There are two movie going experiences from my childhood that stick out more than any others. The first, of course, was going to see Star Wars when I was six years old. My father and I snuck out of the house to see it so my brother, two years younger, wouldn’t know we’d gone. The other was roughly a year later when we all went to see Superman. Like the posters said, we believed a man could fly! Richard Donner’s 1978 epic wasn’t the first appearance of the blue boy on the big screen, however. There had been the Fleischer cartoons and a serial, but his other feature film appearance had been the launch of the television series starring George Reeves. Later it was edited into a multi-part episode of the show, but when it appeared in theaters in 1951 it was known as Superman and the Mole Men.
In our story, reporters Lois Lane (Phyllis Coates) and Clark Kent (Reeves) have been dispatched to the small town of Silsby, TX to do a story on the world’s deepest oil well. Unfortunately, when they arrive they find that the crew of the well are acting strangely and are in the process of shutting down drilling operations. Of course, that ain’t stopping these intrepid reporters, and they soon start to investigate.

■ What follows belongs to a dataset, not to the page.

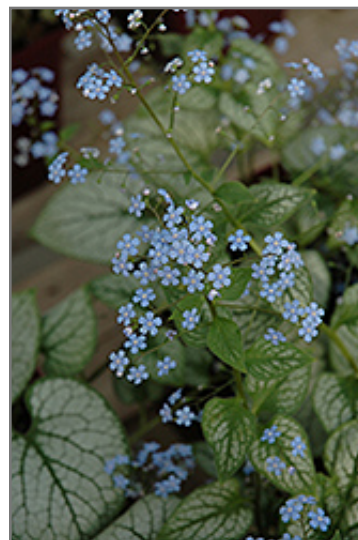
Jack Frost Bugloss flowers
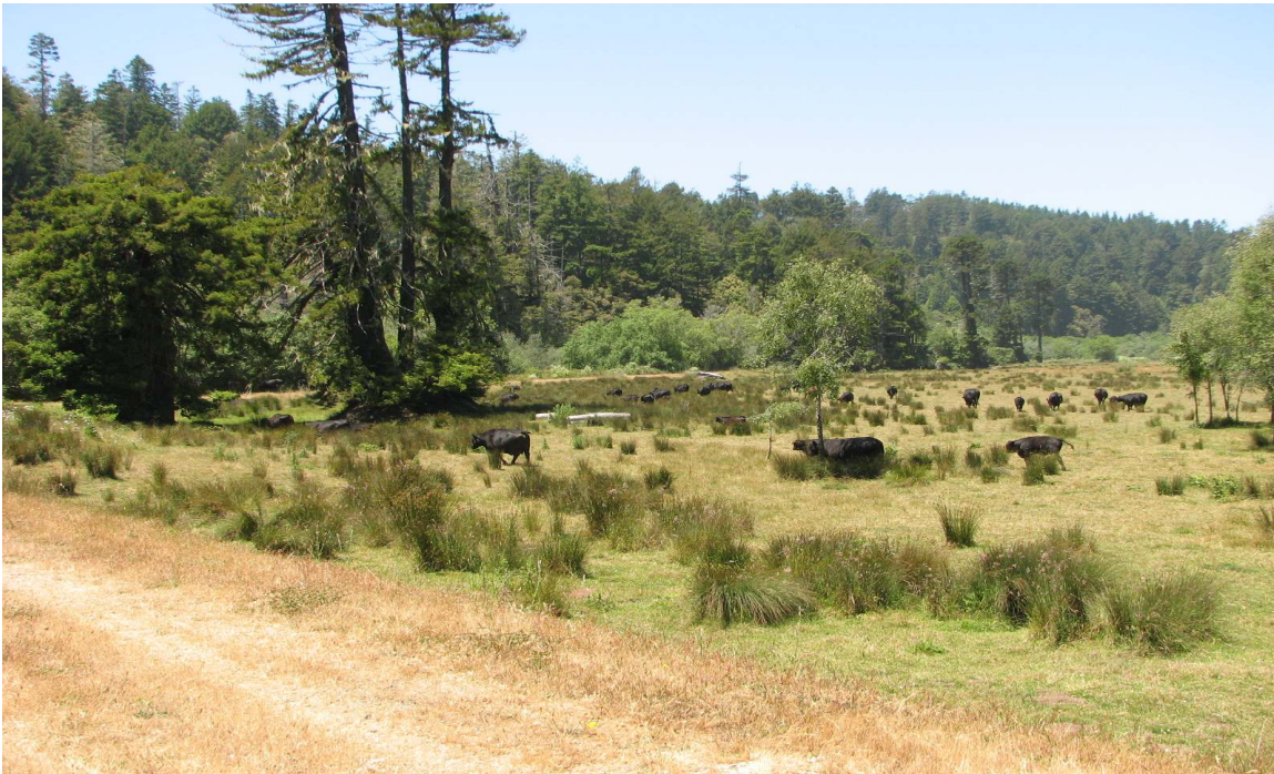
View from Phil's cabin

This 468 +/- acre ranch is located in Mendocino County about 6 miles north of the town of Ft. Bragg, CA. The scenic drive through the redwoods and wine country takes about three hours from the San Francisco Bay Area. This ranch has it all; ocean views, beach access, river frontage, redwood forests, cabins, meadows and income. Ft. Bragg is the biggest coastal town on the Northern California coast with 7000 residents. Ft. Bragg, as its name suggests, was started as a fort during the Civil War. Because of the Noyo harbor and the access to Redwood trees, it became a very successful lumber town. The mill closed in 2002. Because of the picturesque views of the Pacific Ocean and rugged Northern California coast line, tourism is a big industry in Ft. Bragg. The closest airport is in the town of Little River, 21 miles from the property and for commercial flights would be San Francisco at 196 miles. There is an old landing strip on the property that can be updated. A ranch like this one rarely comes on the market. The possibilities are endless. There is approval for a 20 unit Ten Mile Inn with ocean views and direct beach access. You can ride your horses from the ranch to the beach. The property has ten cabins that can bring some needed income or convert them into a great family compound. There is river frontage with wetlands and tidal marshes. There is harvestable timber and meadows for cows and horses. Come see this spectacular ranch and see what the California coast is like.

Things get stranger, though, when two small, somewhat human, creatures emerge from the well that night. One of them is played by Jerry Maren of Munchkin fame. Their odd appearance, which some describe as being mole-like, is enough to scare the poor nightwatchman to death. It doesn’t take long for the townsfolk to become terrified of these mole men. Of course, “this looks like a job for Superman!” Oh, spoiler alert here, in case you weren’t aware of it already, Clark Kent is just a disguise for an extra-terrestrial with super-human strength who goes by the name of Superman. Thought I should mention that in case there were any hermits reading this.
Anyhow, the local angry mob is soon in pursuit of the creatures. One even takes a bullet and falls from a bridge, but is caught in midair by Superman and carried off to the hospital. Meanwhile, the mob corners the other creature in a shed and sets it ablaze. The creature manages to escape and return to the well to gather more of his brothers to battle the townsfolk. Now, only Superman can stop a war from breaking out between bizarre underground dwellers and hick-town yokels.
There’s nothing terribly flashy about Superman and the Mole Men. Essentially it is a TV production taken to the big screen. There are no big flying effects, no big action sequences, and the mole man makeup is not especially mole-like. However, there’s no denying the film’s charms. The story is simple, straightforward, and I admit, a bit refreshing considering how some of today’s superhero films go out of their way to be gritty and more mature. This is coming from a time when comic book characters were considered kids entertainment. The folks who made this aren’t trying to do anything lofty, they just wanted to make the kids happy. Viewed with that frame of mind, the film works very well.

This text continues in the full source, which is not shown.